(Dataset entries)
________________________

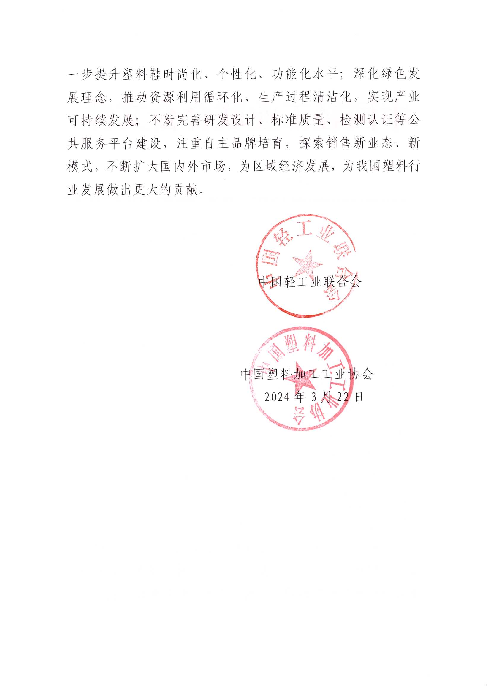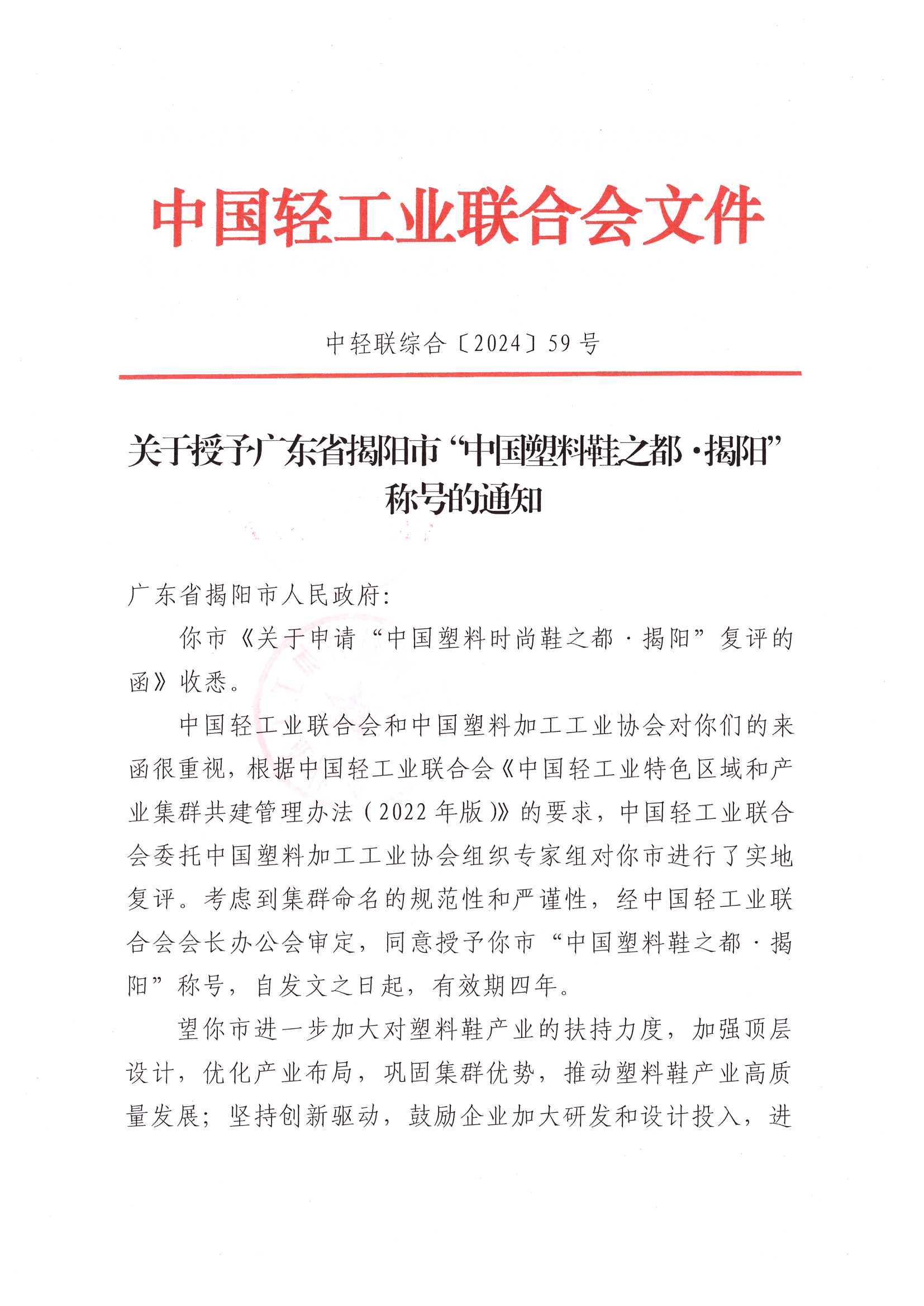 关于授予广东省揭阳市“中国塑料鞋之都·揭阳”称号的通知
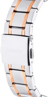 стеклом. Метки в виде арабских цифр. По краю циферблата нанесена секундная шкала с шагом 0,2 секунды. Окошко даты находится между отметками 4 и 5 часов. 12-ти и 24-х часовой формат
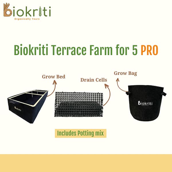 Introducing the Biokriti Terrace Farm for 5 People – Grow a thriving garden in limited urban spaces. With durable construction, space optimization, and an efficient watering system, enjoy the rewards of homegrown produce and a sustainable lifestyle. Start your urban farming journey today.
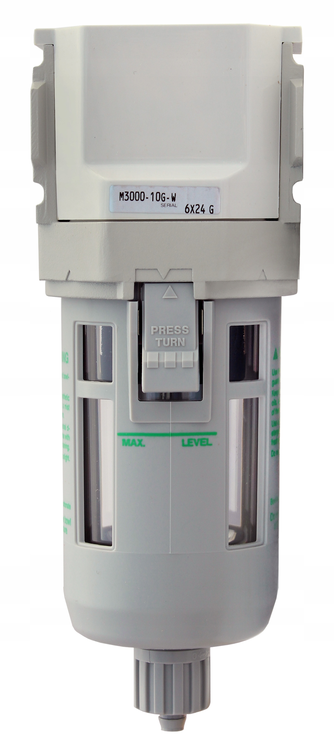 Filtr powietrza z reduktorem, odwadniacz CKD W3000 - 10G to wysokiej klasy filtr modułowy przeznaczony do usuwania z sprężonego powietrza cząstek stałych i ciekłych. Wkład filtrujący o gradacji 5 mikronów. Filtr wyposażony w ręczny spust kondensatu z przyłączem na wąż Fi 6 mm. Przyłącze powietrza z strony wejścia i wyjście gwint wewnętrzny 3/8".
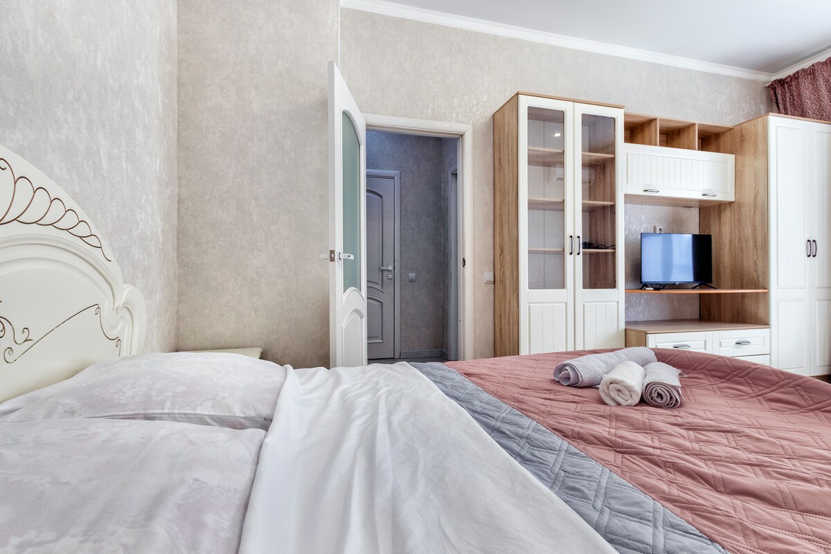 Estimados huéspedes, encontrarán un acogedor apartamento de un dormitorio con una renovación moderna y de alta calidad en colores tranquilos. En nuestro apartamento puedes relajarte después de una larga jornada y relajarte. El dormitorio tiene una cómoda cama con colchón ortopédico para ti, la cocina cuenta con todos los electrodomésticos y utensilios necesarios para cocinar. El baño dispone de amplia ducha.
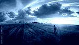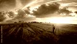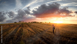very warm sunset in the plain of the pasture with abandoned house and trees in the background
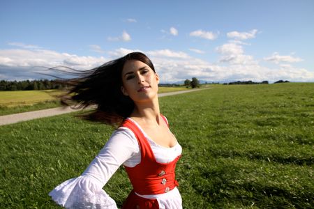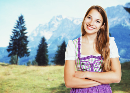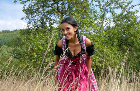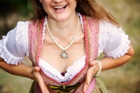 Laughing german woman in bavarian dirndl with rural landscape in the background

________________________

* **Task objective**
Leave out the pictures, and please output only the lines from the line that contains "Introducing the Biokriti" through the end of the data, both ends included.

* **Your solution**
 Introducing the Biokriti Terrace Farm for 5 People – Grow a thriving garden in limited urban spaces. With durable construction, space optimization, and an efficient watering system, enjoy the rewards of homegrown produce and a sustainable lifestyle. Start your urban farming journey today.
 Filtr powietrza z reduktorem, odwadniacz CKD W3000 - 10G to wysokiej klasy filtr modułowy przeznaczony do usuwania z sprężonego powietrza cząstek stałych i ciekłych. Wkład filtrujący o gradacji 5 mikronów. Filtr wyposażony w ręczny spust kondensatu z przyłączem na wąż Fi 6 mm. Przyłącze powietrza z strony wejścia i wyjście gwint wewnętrzny 3/8".
 Estimados huéspedes, encontrarán un acogedor apartamento de un dormitorio con una renovación moderna y de alta calidad en colores tranquilos. En nuestro apartamento puedes relajarte después de una larga jornada y relajarte. El dormitorio tiene una cómoda cama con colchón ortopédico para ti, la cocina cuenta con todos los electrodomésticos y utensilios necesarios para cocinar. El baño dispone de amplia ducha.
very warm sunset in the plain of the pasture with abandoned house and trees in the background
 Laughing german woman in bavarian dirndl with rural landscape in the background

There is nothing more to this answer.